Miller also put together a band and honed her songs through live shows with acts including Bowerbirds, The Chapin Sisters, Daws, Little Wings and Will Oldham (aka Bonnie Prince Billy). The album’s recording unfolded by circuitous path; every step along the way, and every collaborator gained, added a necessary element to the final sound. Miller recorded at two studios, Tuff Shed in Oakland, where she worked with producer Bart Davenport (Honeycut, Persephone’s Bees) and Lone Palm in the Echo Park neighborhood of Los Angeles, helmed by Dan Horne (Beachwood Sparks, Music Go Music), both of whom also mentored her as she began taking on more production duties. Then, there were the many friends who contributed to the album, including, Aaron Sperske (Beachwood Sparks, Ariel pinks Haunted Graffiti), Richard Gowen (Robert Francis) and Thom Heyman (The Court and Spark).
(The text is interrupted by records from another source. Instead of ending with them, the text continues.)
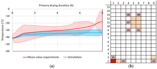 (a) Product temperature profile of vial 1.1 during primary drying at ++−−. (b) Vial position (red: shown vial, orange: other probed vials, pink: WTMplus sensor position and WTMplus number).
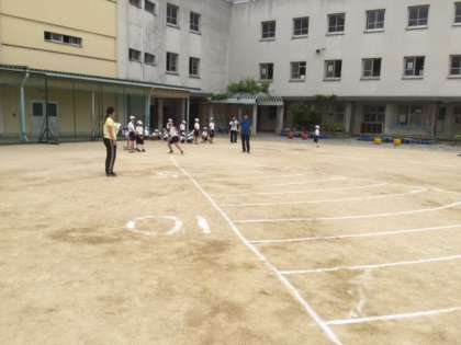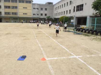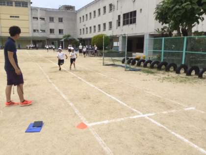 今日は4年生と一緒に、ソフトボール投げと50メートル走をしました。
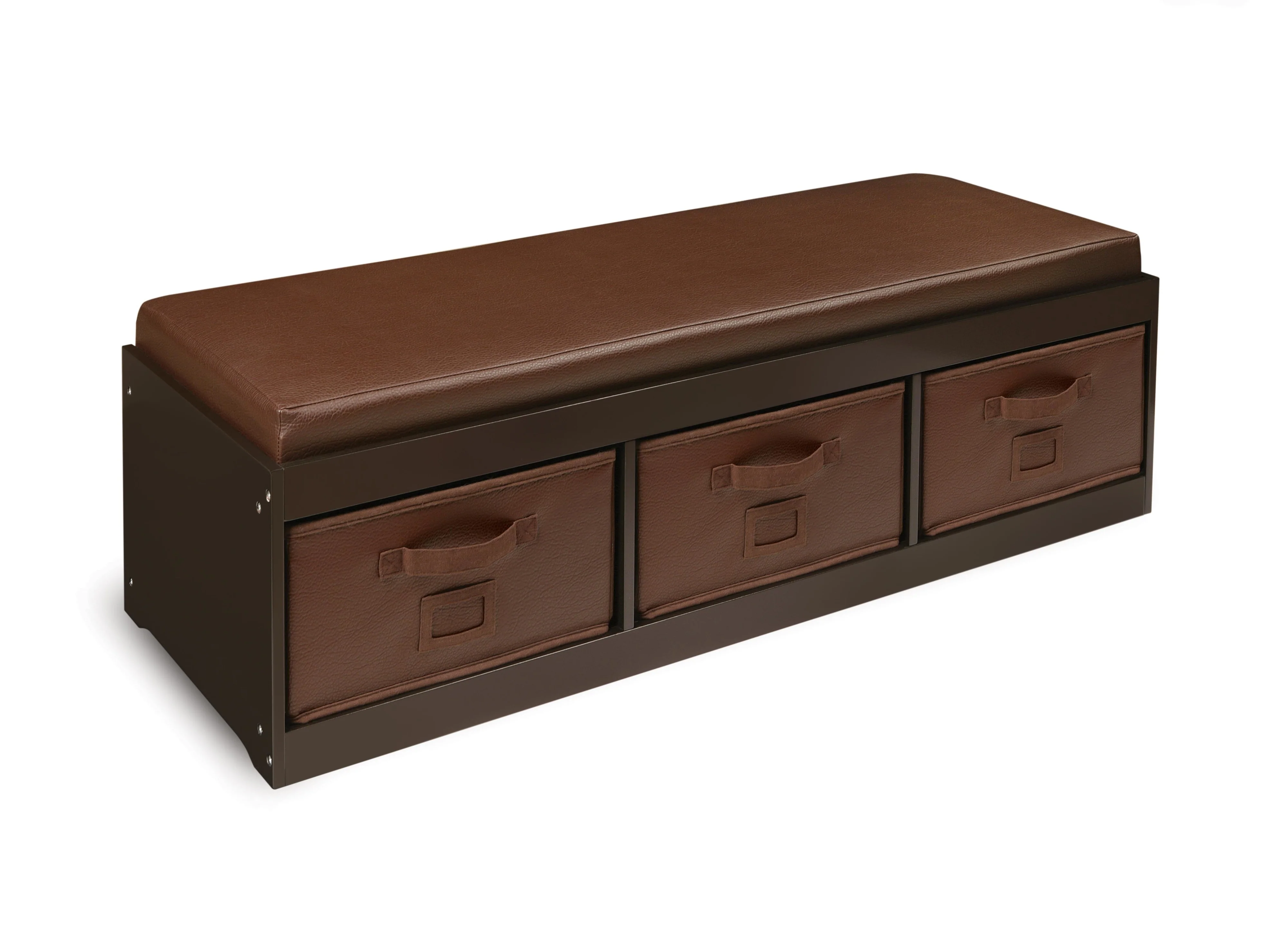- Classy, durable, wipe clean, faux leather covering on cushion and bins.
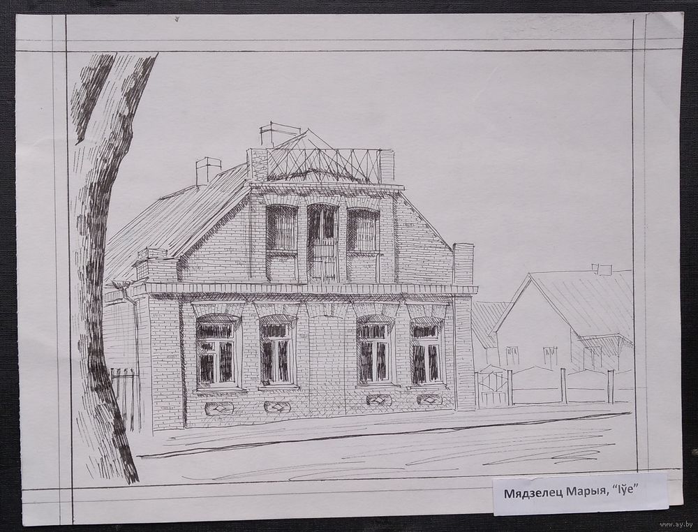 Ивье. Старая застройка. Тушь. Бумага. Студенческая работа. 20х27 см
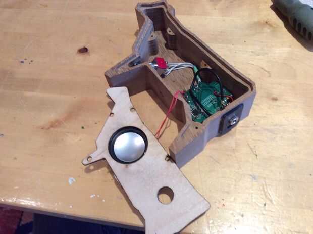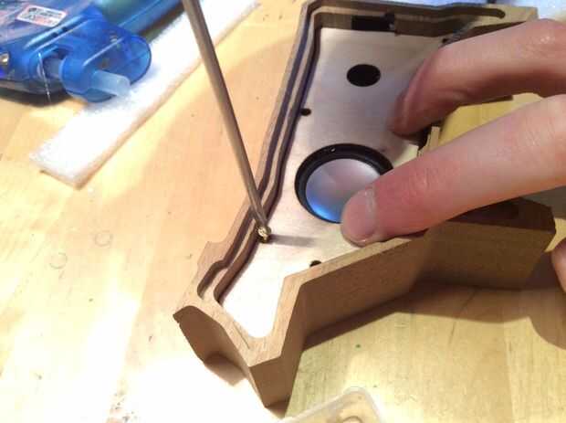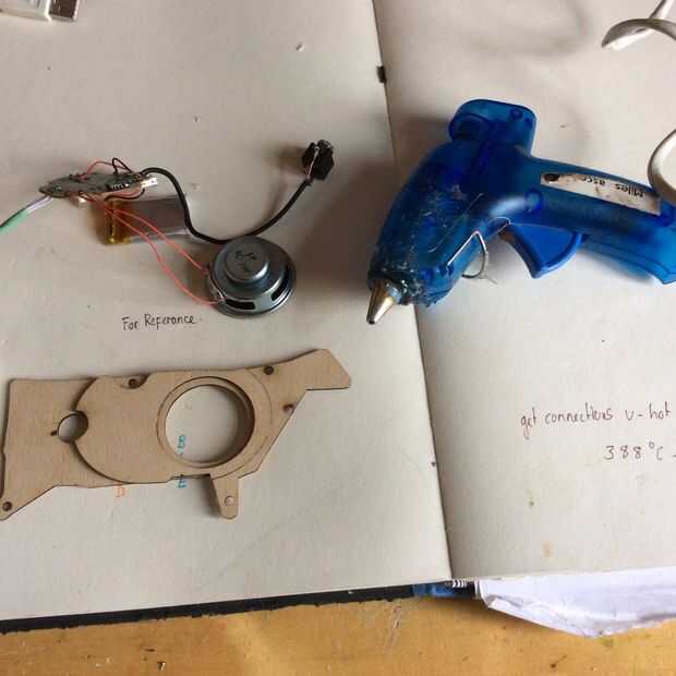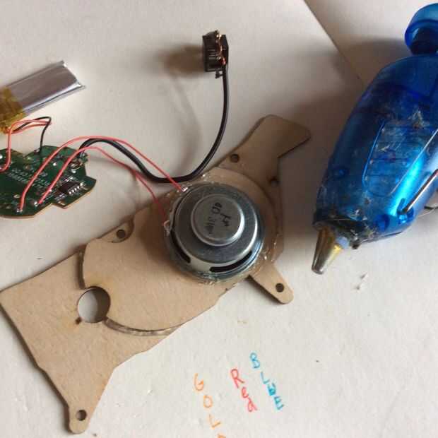 3. Con una pistola de pegamento caliente Conecte el altavoz a la hendidura en los paneles de madera contrachapada.
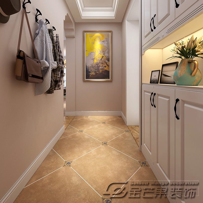 背景墻面以三幅布滿碎花的掛畫作為背景,地磚選擇帶有復古色彩的瓷磚,以白色的線條勾縫,有著豐富的線條感和空間感。搭配上舒適感更好的軟裝搭配,更具特色的門洞增加了整體的立體感,空間上也更加的豐富。色彩的運用也有田園的味道。
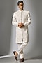 White Chanderi Silk Cutdana Embroidered Sherwani Set
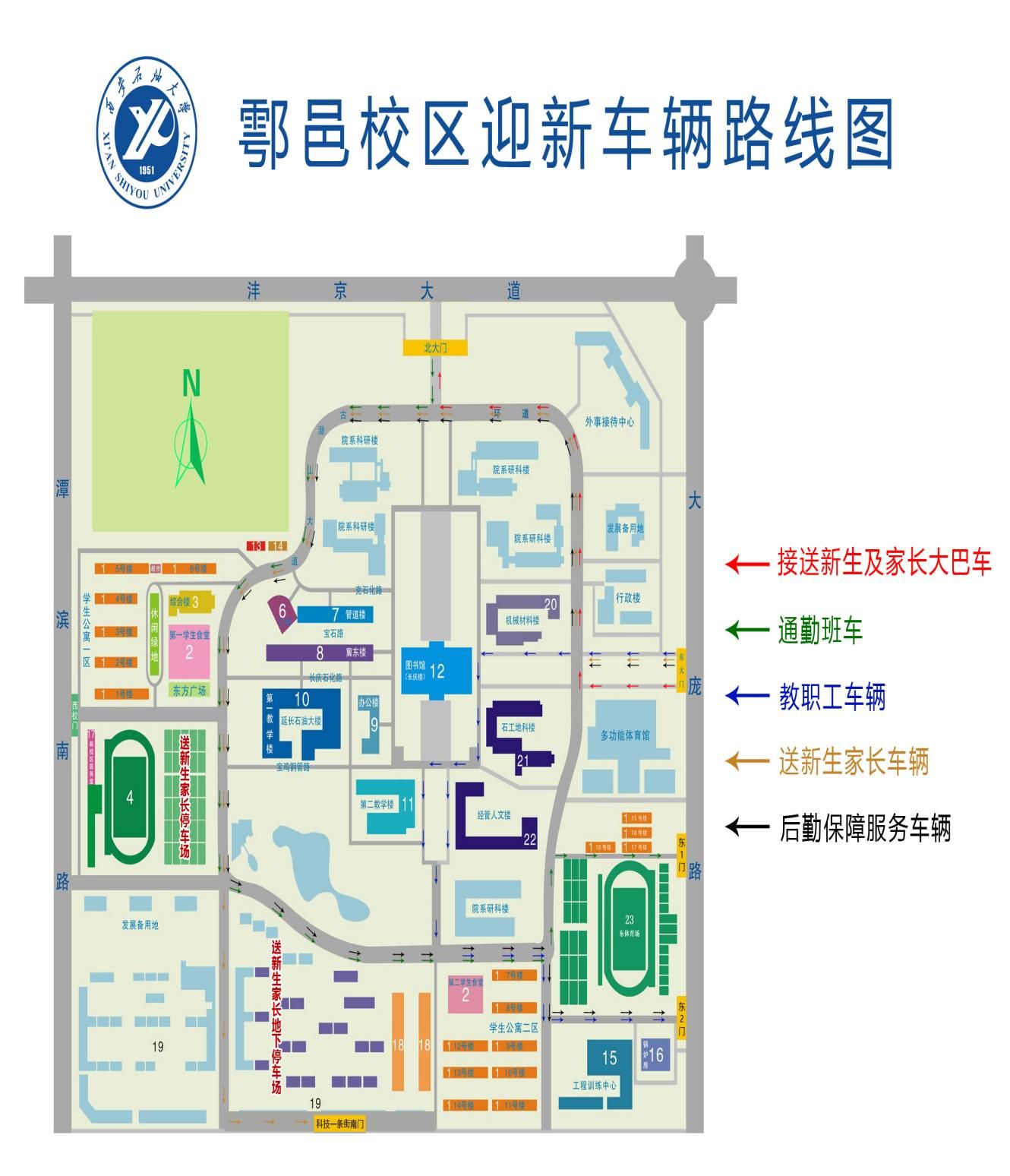 (4)学生家长车辆,东大门进入,右拐(向北)沿环道单向行驶,严禁反向行驶,由东环道-北环道-西环道逆时针行驶,停于西区篮球场停车点以及教职工C1-C4公寓地下停车场。由科技一条街南门驶出。
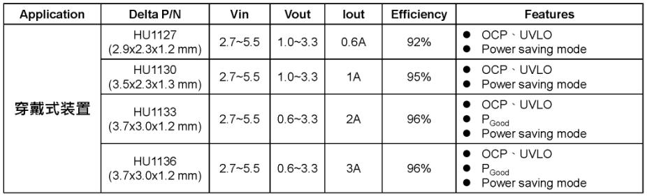 臺達模塊電源,以下列舉針對穿戴裝置的建議產品供您參考:
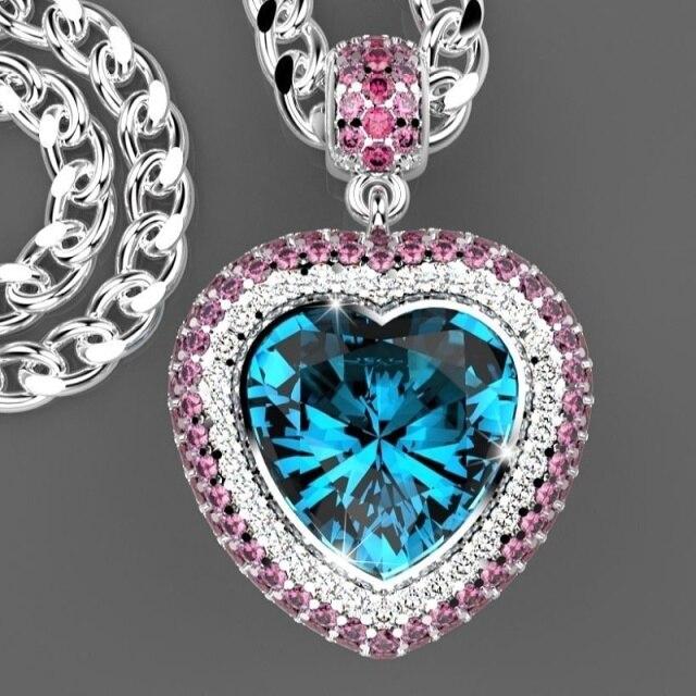 Творческий доход Кристалл Море Сердце Ожерелье Любовь Роскошь Сапфир Сердце Ожерелье Романтичный Дамы Свадебный Подарок Подвеска Для Девочек синий
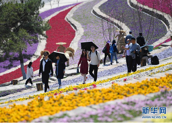 游客在北京世园会天田山游玩(5月1日摄)。新华社记者张晨霖摄
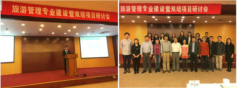 四位专业课教师:程絮森、李亮、黄浩和屈启兴老师分别对信息技术旅游创新、IT战略与企业竞争优势、旅游大数据分析和旅游目的地管理四门专业核心课程,从课程培养目标、培养方式、教学内容等方面为大家进行了精彩的展示。此外,2015级双培生学生代表宋金龙同学也对双培班过去一年参加的社会调研与实践活动进行了汇报总结。之后全体老师对于专业建设和双培项目核心问题进行了分组讨论,并进行总结交流。
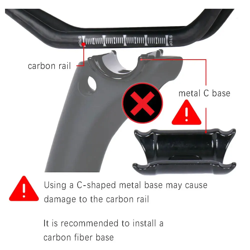 WARNING: Using the C-shaped metal base may damage the carbon rails
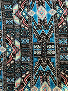 -Turquoise, Mint Green, White, Black, & Pink Print Rayon Challis Fabric
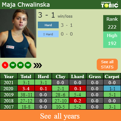 Chwalinska has a 3-1 win-loss record in 2021, 3-1 on hard (See FULL STATS).
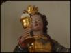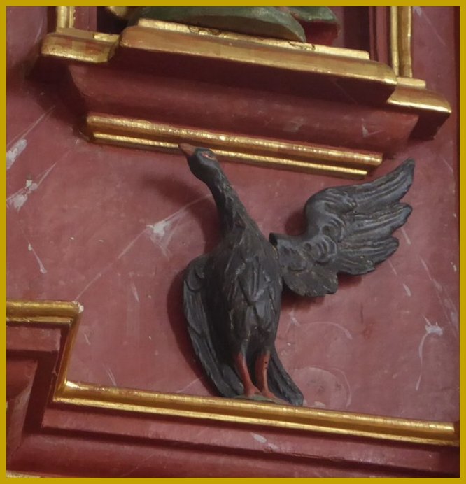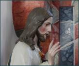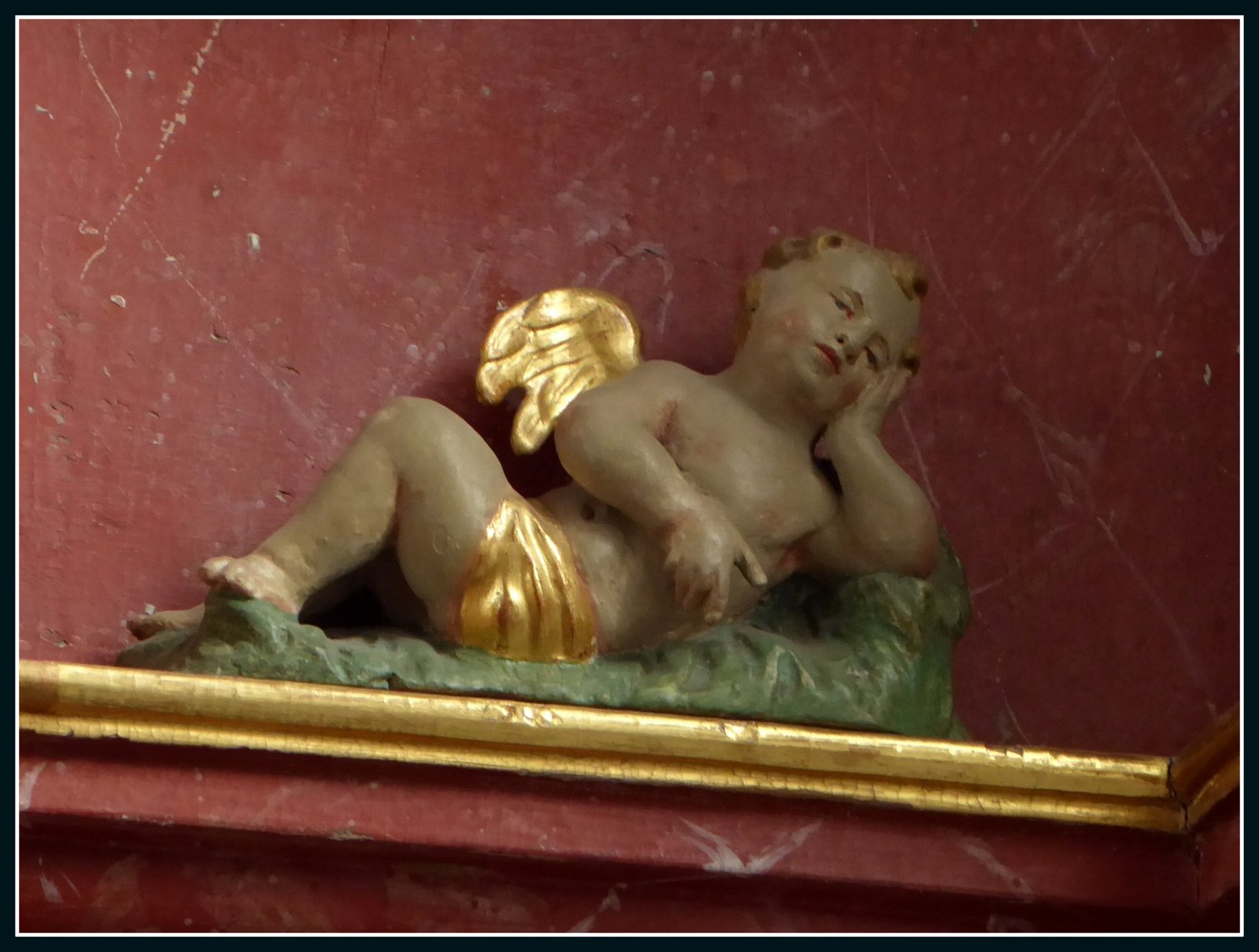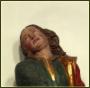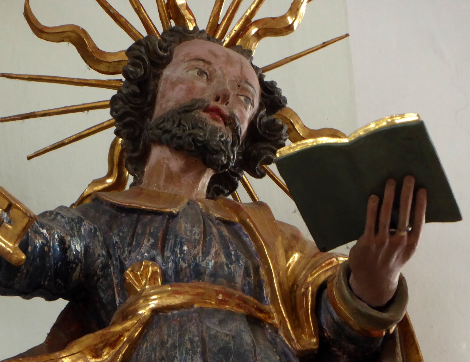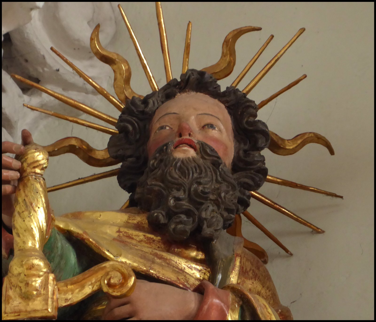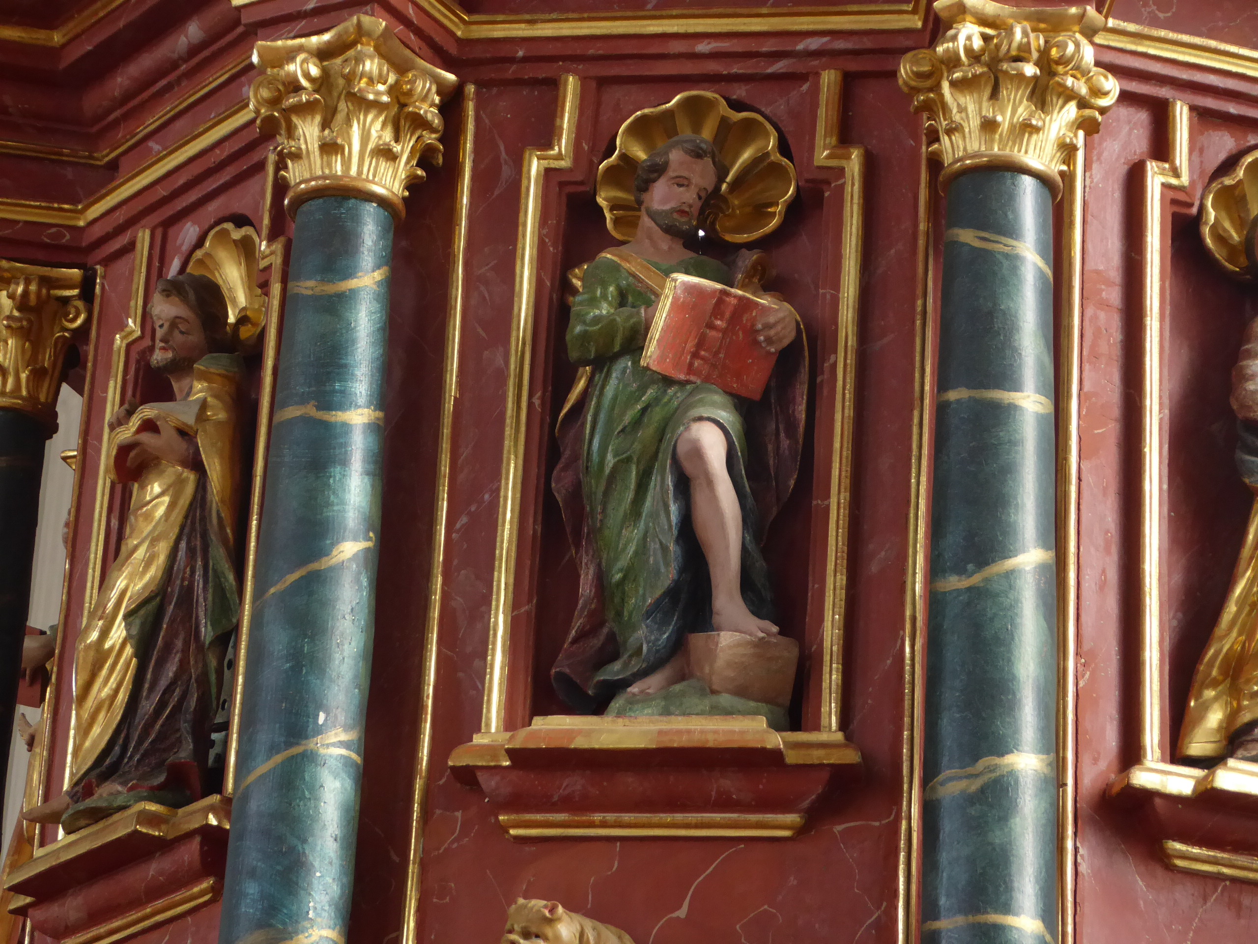 Eine alte Postkarte bestätigt, dass früher im Chorbogen ein Gekreuzigter hing. Zu beiden Seiten standen auf Konsolen Maria und Johannes. Sie befinden sich jetzt an der nördlichen Wand des Kirchenschiffes. Bewegend ist wie Maria das Tränentuch vor die Augen hält.

Miller’s many influences can be heard in the songs themselves. The clear descendent of folk music’s kings, Gram Parsons and Bob Dylan, and more obscure performers, like Karen Dalton, with a soulful delivery reminiscent of Bobby Gentry, Miller creates music born of these elements, with a modern edge. But her songs also contain their own organic, knowing gravity, as if they had been inside Miller all along. Delicate but fierce, like a bird on the wing, her vocals run like veins of gold through worn, dusty landscapes where seasons change, lovers leave, and the only constant is the yellow lines on the road ahead. “Mississippi” has the lazy swing of a car trip sing-along; “Anywhere the Wind Blows,” is a soulful kiss off to the temptations of mad, bad love; and “By Satellite” simmers with country noir menace. For Miller, getting here has been quite an odyssey, but the songs are all the sweeter, and stronger, for the journey through which Big Eagle was hatched and took flight.